А между тем Байрон в своем характере имел все задатки для того, чтобы быть не только счастливым, но и столь же великим в жизни, каким он был в поэзии. Необходимо было только, чтобы эти хорошие задатки развивались и стали в нем господствующими чертами. Но воспитание, полученное им, и вообще все те условия, среди которых он жил с самого рождения, были таковы, что только одни темные стороны его характера могли расти и развиваться, а светлые должны были почти заглохнуть в самом зародыше. Моментами Байрон бывал божественно прекрасен не только лицом, но и душой. Но это были только моменты. Он обыкновенно так же быстро и неожиданно опускался, как и подымался.

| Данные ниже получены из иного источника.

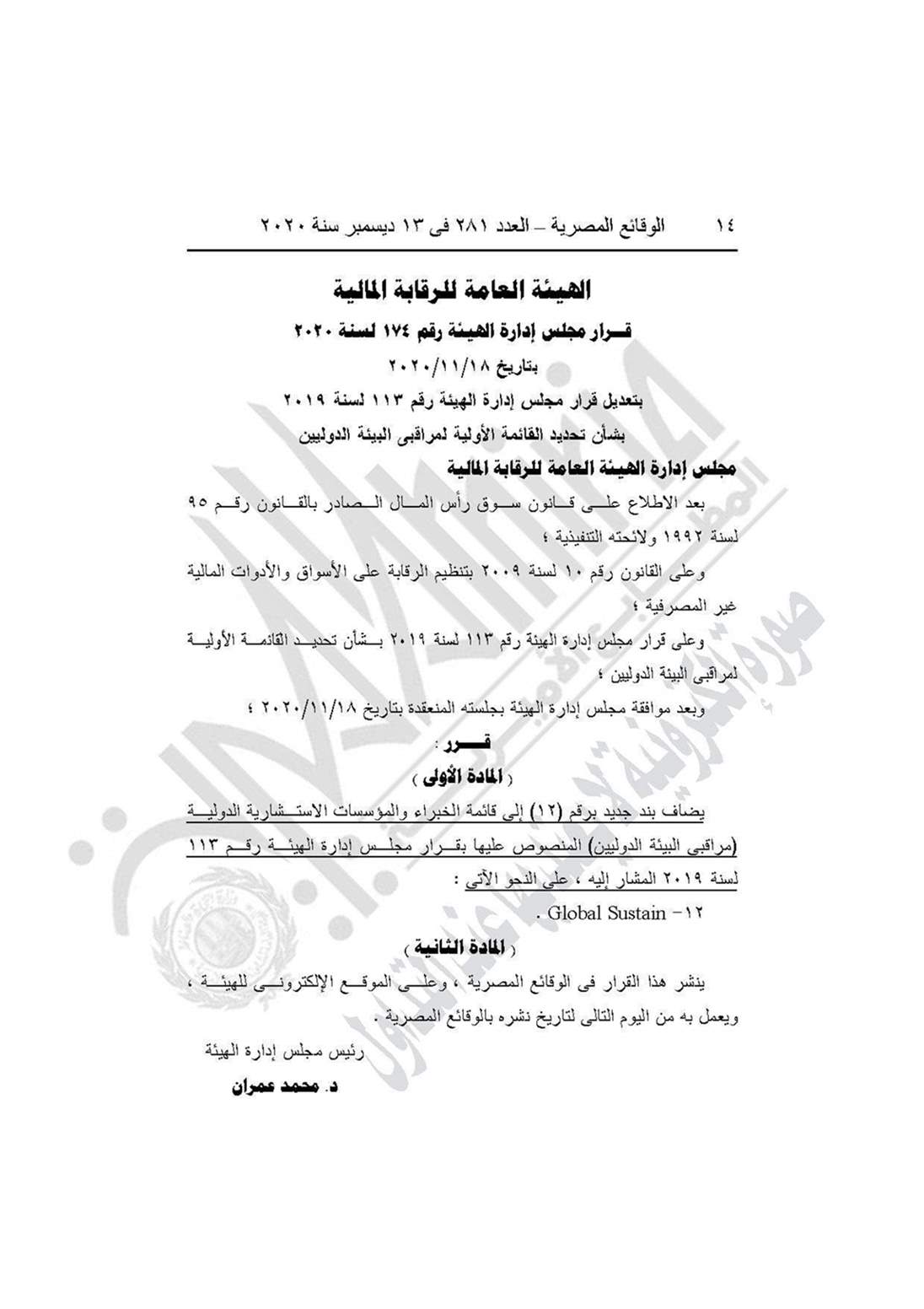 والقرار رقم 174 لسنة 2020، بتعديل قرار مجلس إدارة الهيئة رقم 113 لسنة 2019، بشأن تعديل تحديد القائمة الأولية لمراقبي البيئة الدوليين.

Но в Байроне было, однако, и нечто такое, что отчасти покрывало и смягчало все его недостатки, что в значительной степени примиряло всех с его слабостями и даже внушало тем, которые близко узнавали его, любовь и сильную привязанность к нему. Это было его необыкновенно доброе, женственно-нежное и любящее сердце. «В молодости, – говорит профессор Эльзе, – Байрон был очень привязчив, чувствовал сильную потребность в дружбе и отвечал благодарностью на всякое проявление любви к нему. В своих отношениях со слугами он всегда являлся добрым господином, и они все без исключения любили и уважали его. Доброта поэта была даже близка к женской мягкости, и он часто прибегал к иронии и сарказмам только для того, чтобы скрыть свою мягкость, которая могла вызвать насмешки со стороны других и даже причинять ему вред». Во время своего первого путешествия по Греции он однажды нечаянно пристрелил молодого орленка. Страдания раненой птицы глубоко огорчили его, и он старался всеми средствами поддержать в ней жизнь; когда же она через несколько дней умерла, он дал себе слово никогда больше не стрелять в животных, и в течение всей своей жизни остался верным этому решению. «Тот, кто так относился к животным, – говорит только что цитированный нами биограф Байрона, – не мог, при всем своем индивидуализме и при всей своей мизантропии, обращаться с людьми, своими ближними, холодно и жестоко». Он глубоко сочувствовал всякому страданию и всегда готов был помочь в нужде не только своим друзьям, но и людям совершенно посторонним, и даже таким, которые своим поведением заслуживали его презрение. «Несчастье было в его глазах свято,» – говорит о нем леди Блессингтон, – и, казалось, составляло послед нее звено той цепи, которая связывала его с ближними. Он нередко помогал даже врагам своим, когда с ними случалось несчастье. И услуги свои Байрон всегда оказывал с замечательным тактом, очень часто скрывая свое имя от тех, которым он помогал, для того, чтобы не тревожить их самолюбия. Во время своего пребывания в Италии поэт тратил ежегодно на филантропические дела до 10 тысяч рублей, т. е. четвертую часть своего дохода.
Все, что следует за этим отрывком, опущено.